Do you know what is covered under your health insurance? Health insurance policies can be very complex and confusing, and many times it isn’t clear which procedures are covered. Many health insurance customers are not sure exactly what is in their policy, what their responsibilities will be, and what their insurance will cover. 

In some cases, procedures have to be approved by an insurance company if they are unusual, expensive, or outside of a certain set of parameters. This can slow treatment and cause delays that, in some cases, can increase the expense of the overall treatment or even raise the risk to the patient. 

Approvals are needed to help decrease unnecessary and elective procedures that cost insurance companies money and raise the cost of premiums. Some treatments are approved and covered by nearly all insurance companies, such as the addiction treatments offered at Cornerstone in Scottsdale, AZ. 

However, patients are often caught off guard or surprised to find that there are some treatments that insurance won’t usually cover. Here are some of the most common things that aren’t covered by typical insurance plans:

Experimental Treatments:

Experimental treatments are therapies that have not yet been proven effective or safe through clinical trials. Most insurance companies won’t pay for these treatments because they are not considered to be medically necessary or evidence-based.

In some cases, a treatment is considered experimental because it is approved for another use, but not the use you are planning. In these cases, insurance acceptance can vary with the company, procedure, and situation.

Cosmetic Procedures:

Cosmetic procedures are treatments that are performed for aesthetic reasons rather than medical reasons. Most insurance companies won’t pay for these procedures because they are not considered to be medically necessary. Cosmetic procedures can include plastic surgery treatments such as breast enhancements and nose reductions. 

However, sometimes plastic surgery procedures are not considered cosmetic, depending on the situation and your insurance company. For example, many insurance companies will cover breast reconstruction after a mastectomy and plastic surgery after burns or other injuries.

Wellness Programs:

Wellness programs are designed to promote overall health and wellness, but many insurance companies won’t pay for them because they are not considered to be medically necessary. These programs, usually focused on fitness, nutrition, or other similar treatments, are a good way to increase your health and prevent later diseases, especially lifestyle and obesity-related diseases like heart disease and diabetes.

Because many health insurance policies don’t offer these programs, employers and companies are starting to find ways to incorporate them into their benefits packages as a way to help reduce overall expenses and healthcare premiums. For example, many employers offer gym memberships, access to wellness programs, and even on-site fitness facilities to employees who want them.

Alternative Medicine:

While some insurance plans may cover certain alternative therapies like acupuncture or chiropractic care, most insurance companies won’t pay for alternative therapies that are not as well-supported by scientific evidence, such as homeopathy or naturopathy. Which therapies are covered, and for what situations, can vary a lot between companies, health conditions, and policies. 

For example, massage and acupuncture may be covered to help heal an injury when recommended by your doctor. On the other hand, these treatments may not be covered for other illnesses or if you don’t have a referral. In some cases, no alternative therapies are covered for any situation whatsoever.

Long-Term Care:

While some insurance plans may cover short-term rehabilitation stays or home health care, most insurance companies won’t pay for long-term care in a nursing home or assisted living facility because it is considered to be a personal expense rather than a medical expense.

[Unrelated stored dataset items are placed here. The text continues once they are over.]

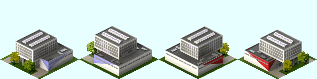 Wieder etwas moderner und "liebloser" ist die Computerfabrik (gerendert noch mit der "alten" neuen Engine, ich hatte die Exporte schon vor dem Engine-Wechsel angefertigt....) - dafür ein wenig geschärft...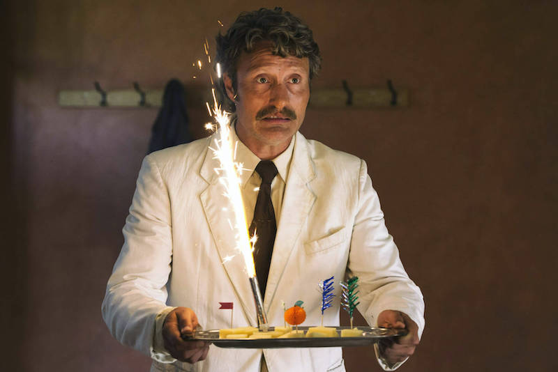 Elias is a far, far, FAR cry from Hannibal Lecter. He’s also the perfect character to showcase Mikkelsen’s ability to slip into any kind of role. Elias is a strange one, and Mikkelsen not only emphasizes that, but his performance is just so dang funny. He brings every little quirk out in full force in a way that both draws similarities to the others and makes Elias stand out. His comedic timing is impeccable, and there are several moments that will have viewers laughing out loud. Mikkelsen so wholly, effortlessly embodies Elias. This is an odd movie, I won’t lie. But it’s worth watching, and Mikkelsen will certainly leave an impression.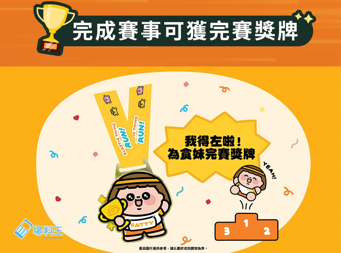 在完成賽事後,每位跑手均會獲得完賽電子證書及「為食妹我得左啦!完賽獎牌」,大會更特設獎牌刻名服務,讓大家在完成挑戰後,記住與 Plastic Thing 一起奔跑的樂趣!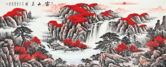 国画山水《富山居图》是蒋伟聚宝盆作品的又一幅鸿运风水画题材的山水作品。画面中的祥云高照代表鸿运当头,事业蒸蒸日上。流淌的瀑布代表着财源滚滚、生生不息的含义,充沛的水源汇流形成聚宝盆的形状,意味着水不外流,即财不外流,也就是招财聚宝盆。“鸿运当头”可寓国运兴旺昌隆,福泽千秋万代, 又可意家道运势,聚福纳财,百代兴旺。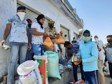 Police personnel and civilians distribute ration among needy persons in Ramgarh area of Samba district on Wednesday. — Excelsior/Abhishek Badyal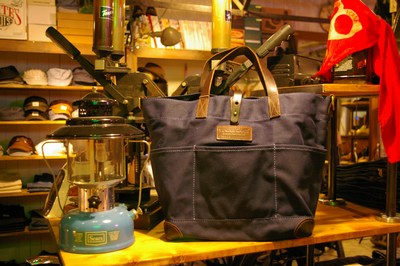 Made in USA. WAXED TOTE BAG[SC01994]BROWN/NAVY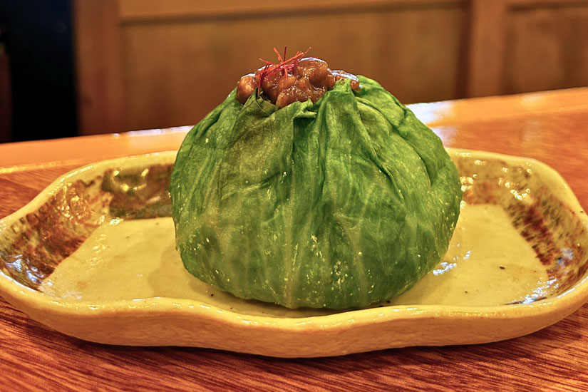渡邊さんのおすすめは「そぼろルーローむすび」。ルーローハンから着想を得てレシピづくりし、五香粉や八角など本場のスパイスを使って甘辛く煮たそぼろが魅力の一品。海苔ではなくレタスで巻いているのも特徴で、シャキッとした食感も楽しめます。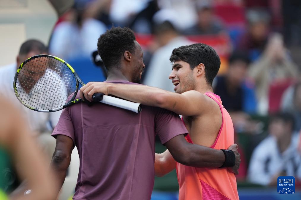10月9日,阿爾卡拉斯(右)與孟菲爾斯在比賽后相互致意。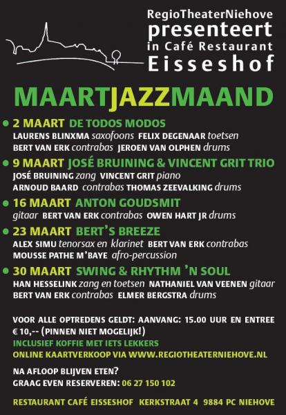 Het eerste optreden van de Jazzmaand in Niehove. Het gezelschap bestaat uit Felix Degenaar op toetsen, Laurens Blinxma op saxofoon, Jeroen van Olphen op drums en Bert van Erk op bas. Entree € 10,-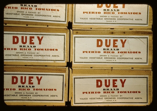 Tomato crates at the Yauco cooperative tomato growers' association, Puerto Rico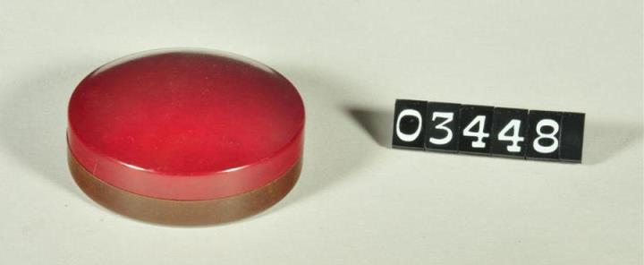 Runde, flache, braune Salben- oder Pillendose aus Bakelit mit nach oben gewölbtem roten Schraubdeckel. Leicht eingewölbter Boden mit Standring. Im Deckel innen ist das Firmenlogo (FBA) eingeprägt.

For people who need this form of long-term care, insurance must be carefully selected or state-funded insurance should be used.

Dental and Orthodontic Care:

Many health insurance plans don’t cover any dental care at all. Others only cover care that is emergency in nature or regular dental screenings. Some companies offer dental care as an add-on to your regular policy.

Orthodontic care is also usually not covered under regular health insurance plans. In some cases, medically necessary orthodontic care, such as bite correction, is allowed. 

Treatments That Haven’t Been Pre-approved:

Many insurance companies will only pay for certain kinds of treatments and healthcare visits. Services such as routine care, preventative treatments, and emergency treatments are nearly always covered. However, other services may not be allowed unless they have been approved. 

In these cases, a primary care physician may have to refer the patient to a specialist, who can then recommend the treatment. All the steps in this process have to be done correctly and documented or the insurance company may not approve the services and the patient will have to pay out-of-pocket.


Because health insurance is so complex and each company can have different policies, patients should spend a lot of time talking to their insurance company or agent and carefully read their policies before they need treatment. 

Finding out what is covered and what processes have to happen in order to get approved is an important step to getting coverage. All of this research should be done before receiving treatment or services to ensure coverage and minimize expenses.